In 2000, there were 38 workers who commuted into the municipality and 138 workers who commuted away. The municipality is a net exporter of workers, with about 3.6 workers leaving the municipality for every one entering. About 21.1% of the workforce coming into Pleigne are coming from outside Switzerland. Of the working population, 9.7% used public transportation to get to work, and 55.8% used a private car.

==Religion==
From the 2000 census, 305 or 74.8% were Roman Catholic, while 35 or 8.6% belonged to the Swiss Reformed Church. Of the rest of the population, there were 34 individuals (or about 8.33% of the population) who belonged to another Christian church. There were 3 (or about 0.74% of the population) who were Islamic. 26 (or about 6.37% of the population) belonged to no church, are agnostic or atheist, and 22 individuals (or about 5.39% of the population) did not answer the question.

==Education==

In Pleigne about 139 or (34.1%) of the population have completed non-mandatory upper secondary education, and 33 or (8.1%) have completed additional higher education (either university or a Fachhochschule). Of the 33 who completed tertiary schooling, 60.6% were Swiss men, 27.3% were Swiss women.

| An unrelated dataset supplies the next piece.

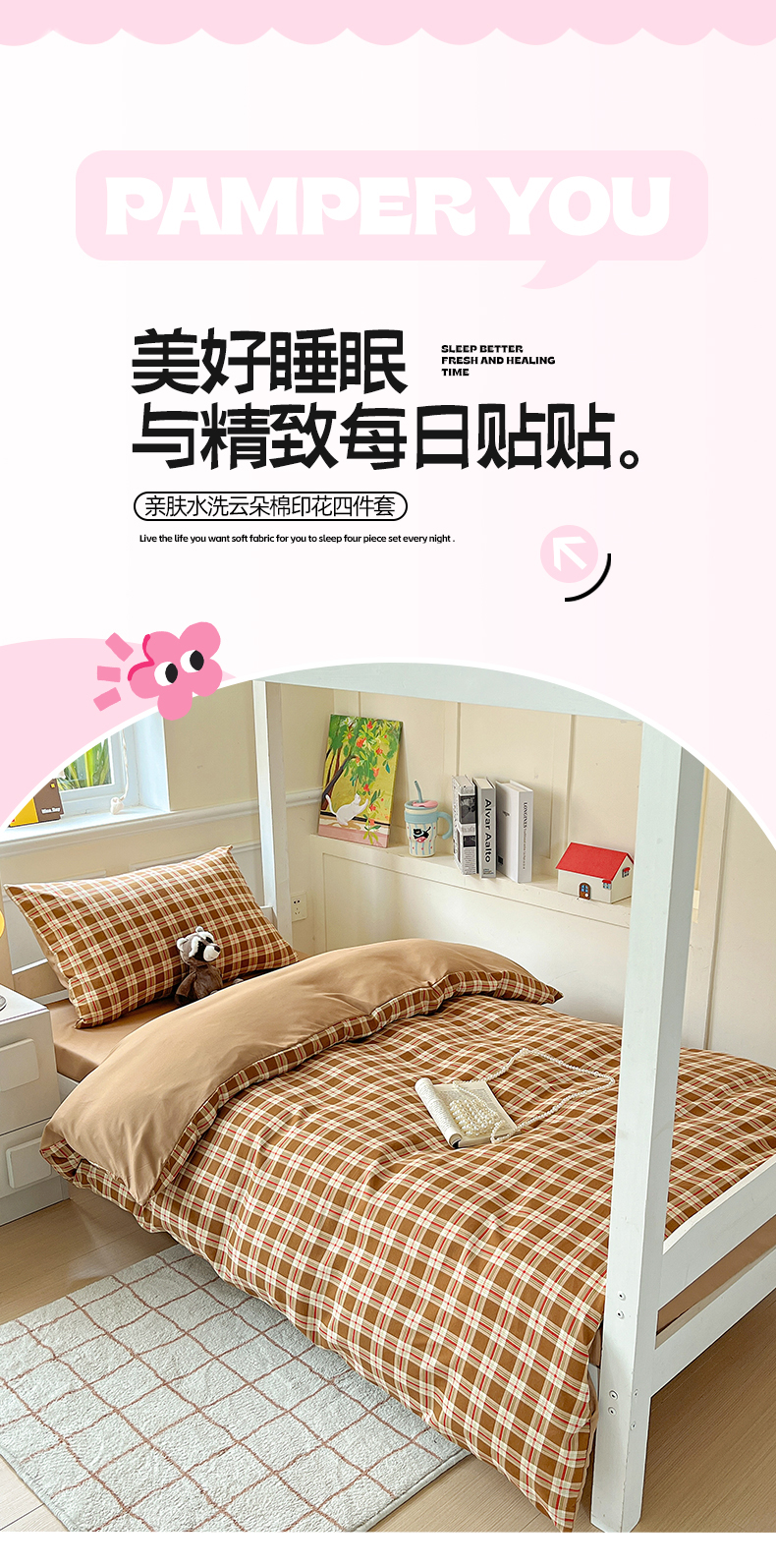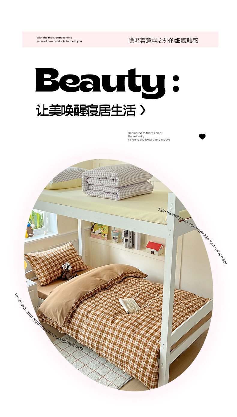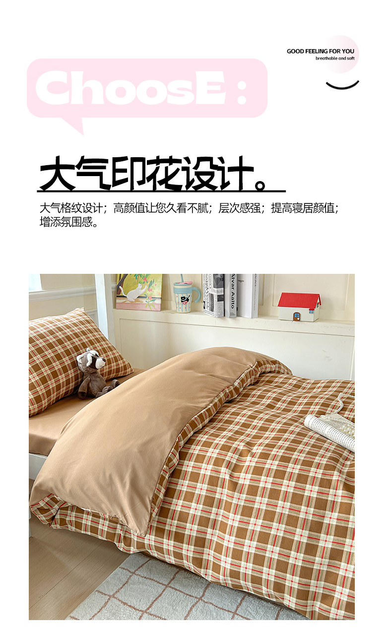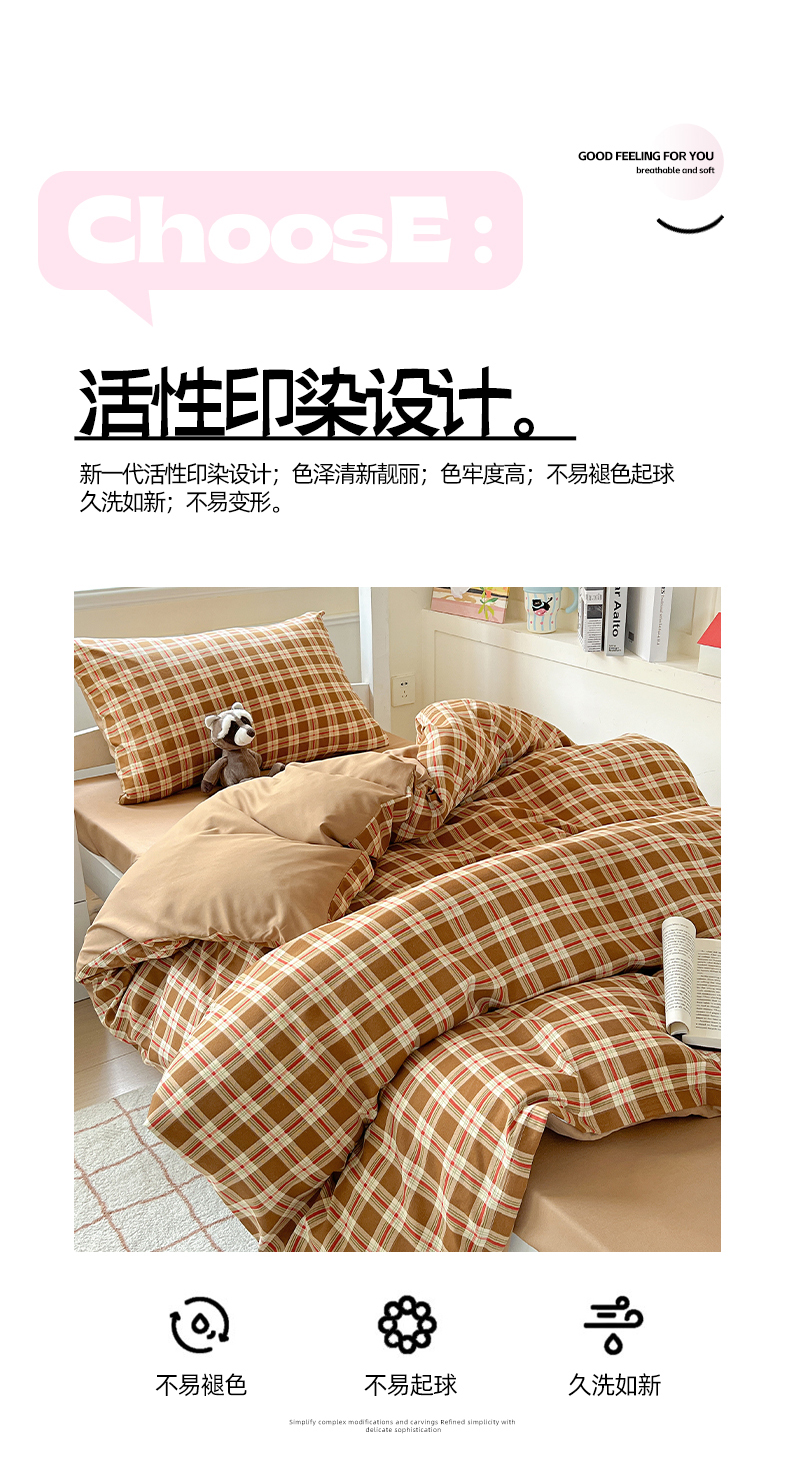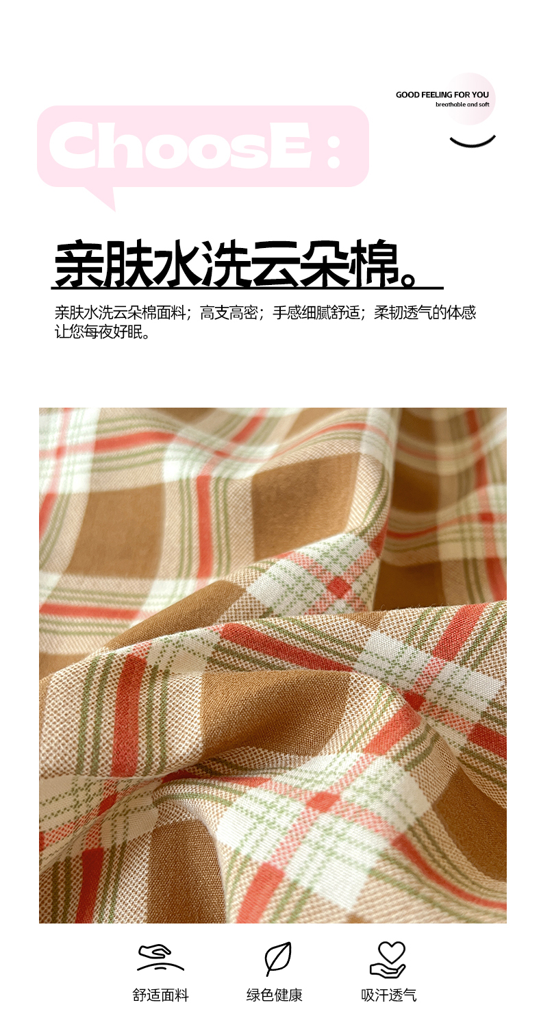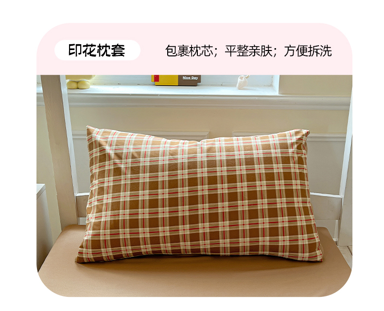 商品名称:妖妖家纺 2025新款软糯水洗棉格子学生三件套 可可麦芬

The Canton of Jura school system provides two year of non-obligatory Kindergarten, followed by six years of Primary school. This is followed by three years of obligatory lower Secondary school where the students are separated according to ability and aptitude. Following the lower Secondary students may attend a three or four year optional upper Secondary school followed by some form of Tertiary school or they may enter an apprenticeship.

During the 2009-10 school year, there were no students attending school in Pleigne.

As of 2000, there were 9 students in Pleigne who came from another municipality, while 41 residents attended schools outside the municipality.